So I want to take a linear combination. In general, by taking a linear combination of these things, I can get the multiple of v of D times any polynomial degree, nu or less, just by taking the coefficients of that polynomial as my linear combination.
Do you see that? I'm not seeing people's --
AUDIENCE: [INAUDIBLE].
PROFESSOR: Excuse me?
AUDIENCE: In the linear combination [UNINTELLIGIBLE PHRASE] you also take the one with zero derivative.
PROFESSOR: You're getting ahead of me, which is fine, but I'll ask for that comment in just a second. Let me first create the output. Suppose I had v of D equals u of D over d of D. Then to get the output, I simply want a linear combination, which will give me n of D times u of D over d of D. And that would be the correct output.

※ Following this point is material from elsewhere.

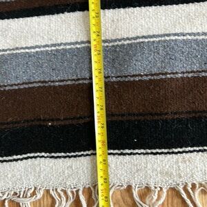 Vintage Mexican wool rug blanket eagle snake brown black stripe fringe boho82x47

And since n of D is a polynomial degree less than nu, I can do that by simply taking n nu times this, n nu minus 1 times that, n2 times that, n1 times that, and 0 times that. And that will give me what I want as an output, if I'm successful in getting v of D of this form here. So let me try a similar trick up here. The trick is, I force d of D to start off with a 1, to have D0 equal 1. So what I'm going to create up here is the linear combination, d of D minus 1 times v of D.

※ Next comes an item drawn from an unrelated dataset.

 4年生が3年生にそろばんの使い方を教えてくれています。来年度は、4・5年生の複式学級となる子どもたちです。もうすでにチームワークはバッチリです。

First of all, let's verify that I can do that. d of D minus 1 is what? It's a polynomial. Its degree is the same as the degree of d of D. Now, if d of D is equal to 1, if the denominator is just 1, this whole thing falls out. I don't need anything coming in here. d of D is 1. v of D is equal to u of D, so that's the polynomial case where I don't need feedback.
So let's assume d of D is not equal 1, therefore it's some polynomial of degree nu, degree of d of D, which is less than or equal to nu, and so is this. But by subtracting out the 1, I have no constant term. So it's going to be a multiple of D. That's another way of saying that. It's going to have no constant terms, so I only need to form a linear combination of these terms. So I can do it.
Now, if I do that, let's just solve this equation. I create x of D. This is supposed to be a plus. This is supposed to be a minus, to work over any field. This trick works over real or complex, or what you'd like. x of D is u of d minus d of D minus 1, times v of d, times x of D. Maybe I should just call this v of d. Now I'm going to solve for v of D.
So I actually have a v of D on both sides of the equation. This results in u of D equal v of D times d of D. And dividing both sides by d of D, I see that I succeeded in getting what I wanted. So this is a typical trick of realizing a rational impulse response by including a feedback loop and negative feedback in your system.
This is done in the notes. I'm surprised if you haven't seen this before. Maybe it's that people in communications don't take circuits courses, or they don't take digital signal processing courses. Most people look puzzled. In any case, can you agree that, formally, I've shown that we get what we want here? So I've given a way of realizing, given a causal rational function, where nu is defined is the maximum degree of these two polynomials.
There's a realization with nu memory elements. A little bit more work, we could prove that this is the minimum possible number of memory elements for this system. That gets into linear system theory.
AUDIENCE: [INAUDIBLE].
PROFESSOR: I mean, what I want is down here, I want the sum of n_i times d to the i, v of D. So the linear coefficients are going to be these n_i. If I drew it out, I have n0 here, n1 here. So it's scalar linear combination, over F2. And what is that? v of D is common. That's just n of D times v of D. Same trick up here.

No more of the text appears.